WHAT YOU WILL DO
Leaving out the pictures, retype the lines from the beginning of the listing through the line containing "- WHAT'S INCLUDED".

GIVEN INFORMATION
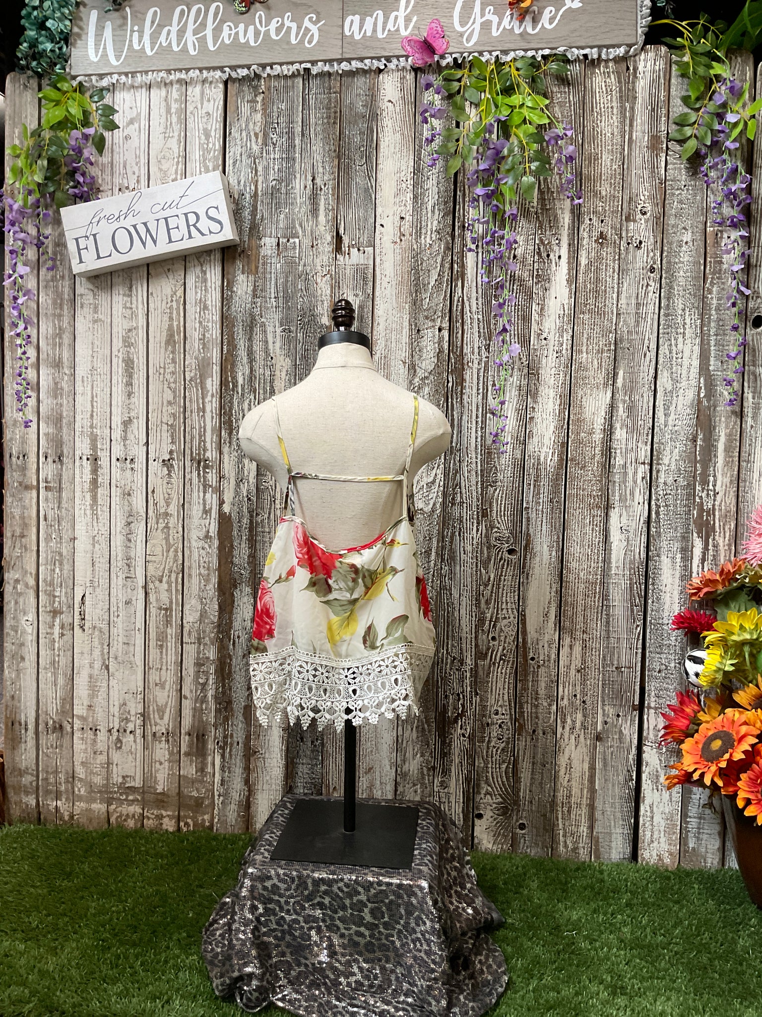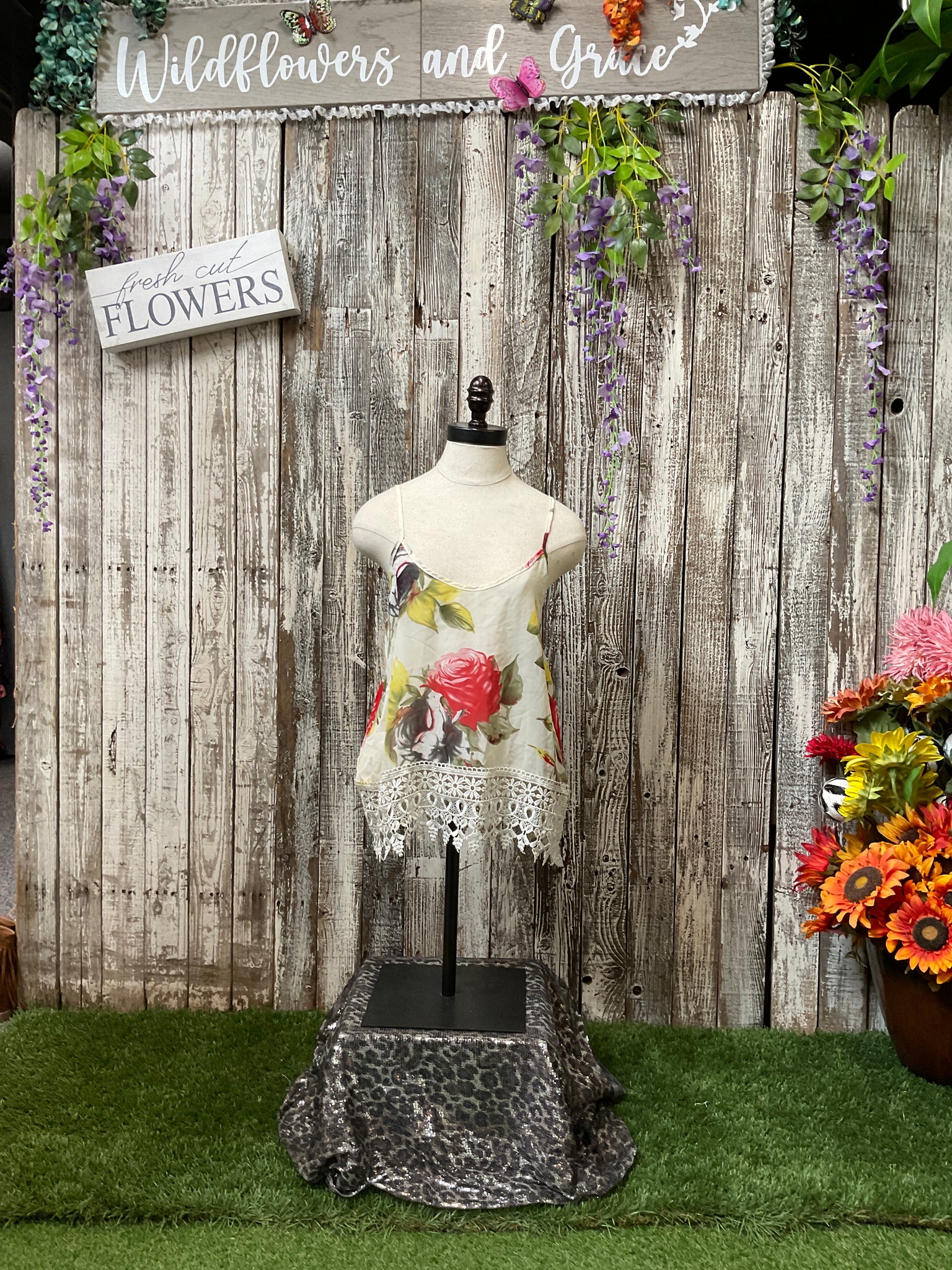 Floral Light Weight & Flowy Polyester, Boho Style, Lace Hemmed, Spaghetti Strapped Tank Top
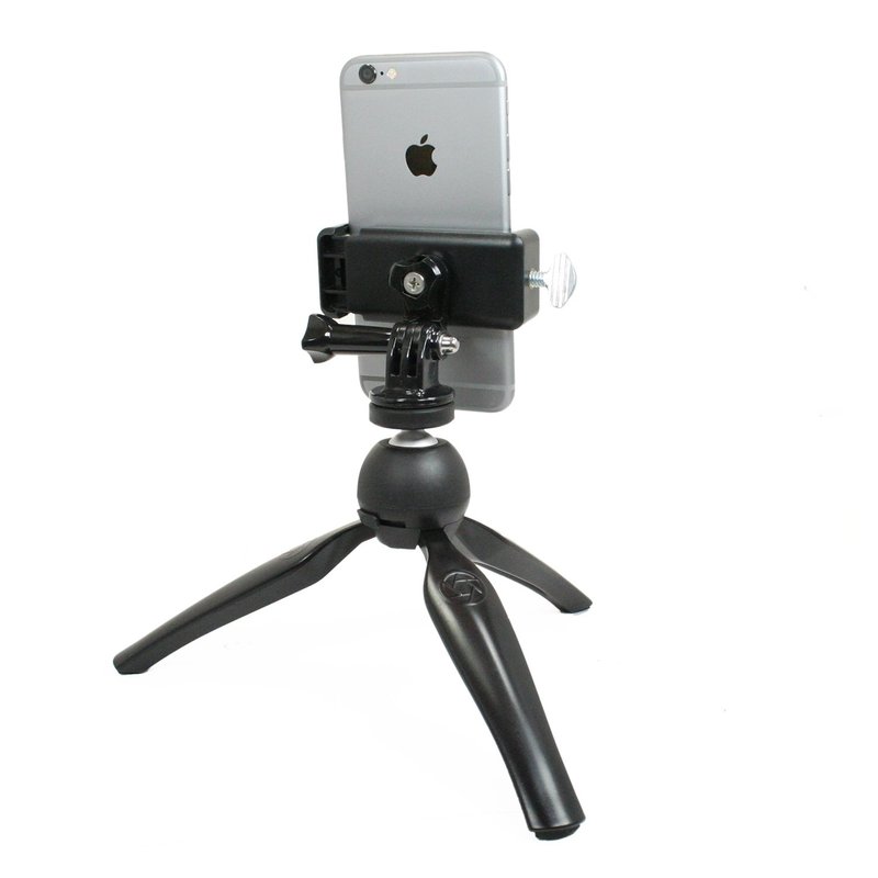 - WHAT'S INCLUDED - Folding Tripod, Phone holder clamp, tripod adapter, screw, screw adapter. This tripod doubles as a hand grip, so you can capture hand-held video footage too.
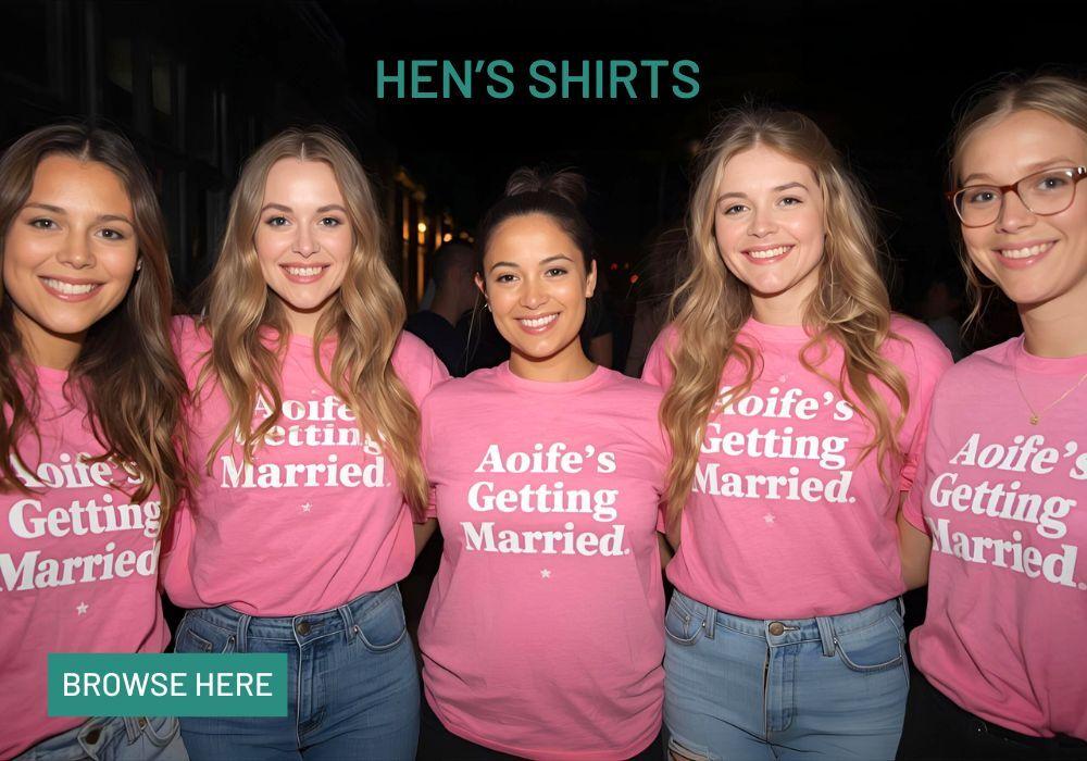 Looking for a fun group shirt to wear out on your Stag or Hen Parties? We customise shirts so that you can find each other easily out in the crowd and have a forever keepsake of your besties wedding party. Our range includes various sizes and colours to suit your wedding theme. Don't see the style or colour of shirt you are looking for? No problem. get in touch with our team and they will source the item for your special day out.
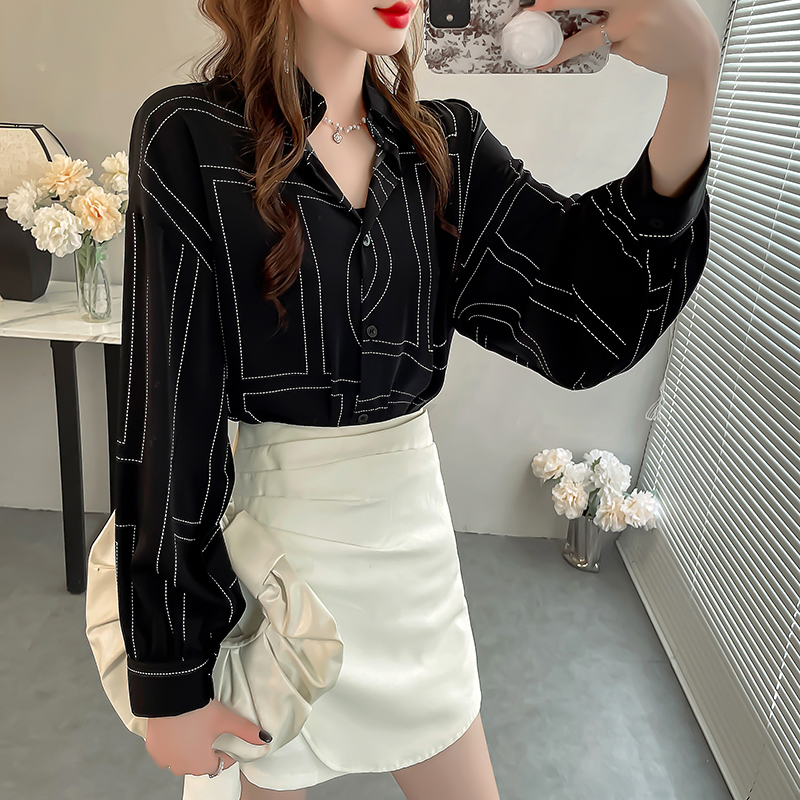 秋装简约通勤衬衫女设计感小众衬衣显瘦黑色别致印花长袖雪纺上衣

YOUR SOLUTION
 Floral Light Weight & Flowy Polyester, Boho Style, Lace Hemmed, Spaghetti Strapped Tank Top
 - WHAT'S INCLUDED - Folding Tripod, Phone holder clamp, tripod adapter, screw, screw adapter. This tripod doubles as a hand grip, so you can capture hand-held video footage too.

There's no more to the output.